16 There are nine different moving average strategies involving long runs of 50 days: (1, 50, 0), (1, 50, 1), (1, 50, 5), (5, 50, 0), (5, 50, 1), (5, 50, 5), (10, 50, 0), (10, 50, 1) and (10, 50, 5). Given that long-run periods of 100, 150 and 200 days are also examined, the total number of strategies studied is 36.

17 Closer investigation of the UK results shows that none of the 36 moving average rules outperformed the buy-and-hold strategy. The largest value for the rule profit (5, 50, 5) was only 63.84%, as compared to 210.62% following the buy-and-hold strategy. Similarly, for the United States, all 36 moving average rules failed to better the returns from following the buy-and-hold strategy. For example, the largest rule profit (5, 50, 1) was 182.02% as compared to 364.53% for the corresponding buy-and-hold strategy. Results for the individual rules are available from the authors on request.

18 This finding holds for all 36 variations of moving average rule studied.

19 There are several reasons which could explain the success of the moving average rule in Japan. For example, since the early 1990s, Japan's economy has faced its worst slump since World War II. Problems such as low demand, deflation, bankruptcies and bad debt burdens in the banking sector have plagued the economy that used to rank among the top three in the world. Given such difficulties in the macroeconomy, it is little wonder that the security market is suffering. Presumably, the long downward trend in Japanese security prices is being exploited by the moving average rule to yield profits.

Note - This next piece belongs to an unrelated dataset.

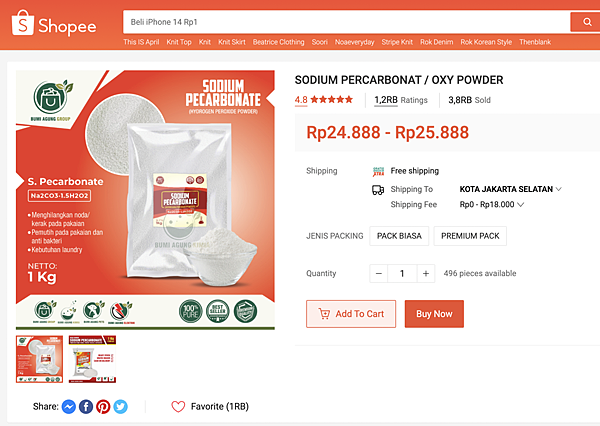 過碳酸鈉的英文sodium percarbonate, 直接打就能看到好多買家都有賣
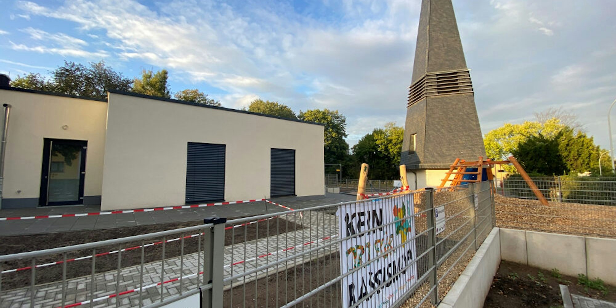 Die evangelische Kita Rodderweg wurde um eine weiteres Gebäude ergänzt. An dessen Platz stand von 1975 bis zum Abbruch im vergangenen Jahr die Johanneskirche, deren Turm erhalten blieb.

However, attempts are being made to reform the financial system in the hope that the economy can be reactivated through an increase in the efficiency of the market (Financial Times, Citation2003). However, although the poor macroeconomic performance of Japan may be a plausible reason for the success of the moving average strategies, Bessembinder and Chan (Citation1995) reported that the moving average rules were successful in predicting share price movements in Japan during an earlier period from January 1975 to December 1989, when a bull market was present. This finding suggests possible inefficiencies in the market and further investigation is warranted.

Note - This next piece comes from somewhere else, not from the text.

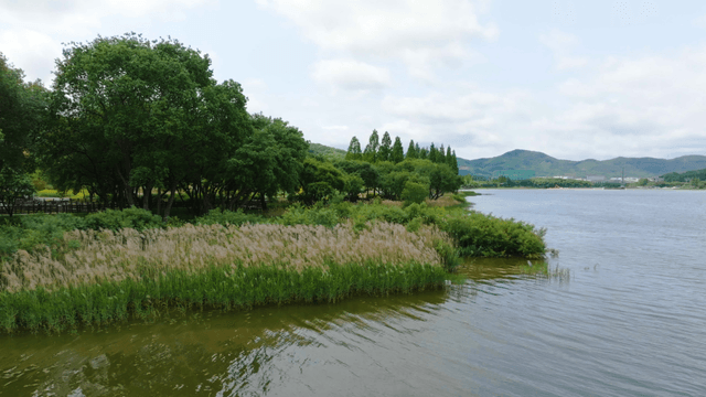 Serene riverside with lush greenery

20 At 100 days, 12 emerging stock market countries have rule profits that are greater than the buy-and-hold profits (Chile, Indonesia, India, Korea, Malaysia, Mexico, the Philippines, Sri Lanka, Taiwan, Thailand, Turkey and Zimbabwe), while at 150 days, nine emerging stock market countries have rule profits that are greater than the buy-and-hold profits (Chile, Indonesia, Korea, Malaysia, the Philippines, Sri Lanka, Taiwan, Thailand and Zimbabwe).

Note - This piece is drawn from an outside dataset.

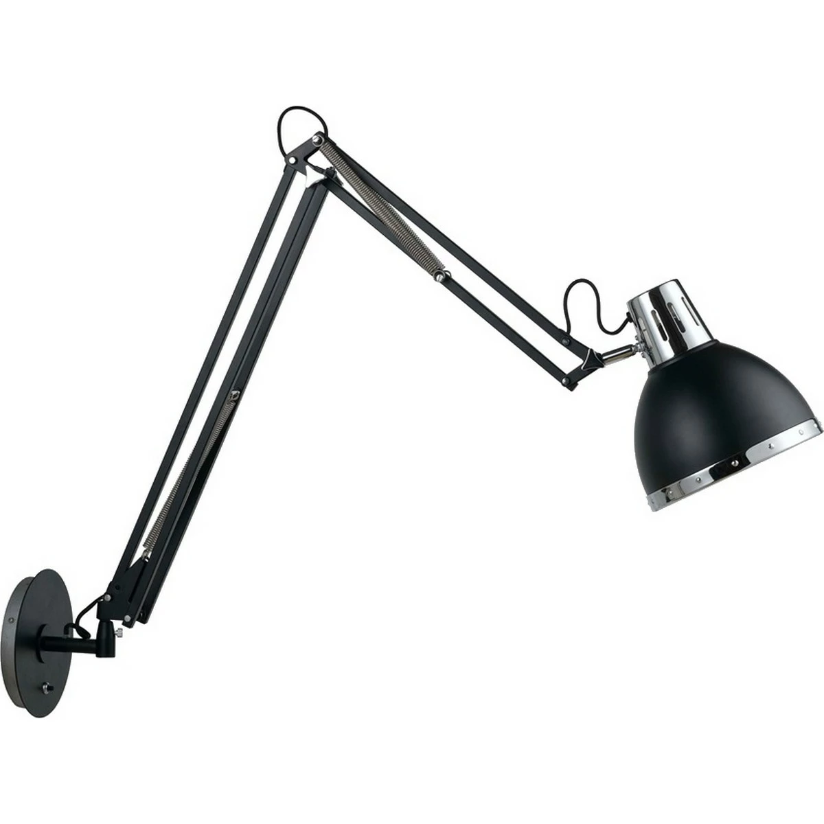 OBS: Denna produkt skickas direkt från vår leverantörs lager. Detta innebär att om du samtidigt beställer andra varor från en annan leverantör, kan varorna komma på två olika leveranser. Viking är en snygg vägglampa som passar perfekt som läslampa. Viking levereras med svart tygkabel. On/off på lampan. Ställbar med utdragen arm ca 110 cm väggplatta D 190 mm skärm D 225 mm.

21 Over all four long-run moving averages, the profits from the trading rule are less than those from following the buy-and-hold strategy in two countries (Argentina and Hong Kong). It is not so easy to segregate the results for four emerging market countries. For example, India and Mexico have successful mean moving average results over two long-run periods, while South Africa and Turkey have successful mean moving average results over one long-run period, with the buy-and-hold profit exceeding the moving average profits for the other three long-run periods.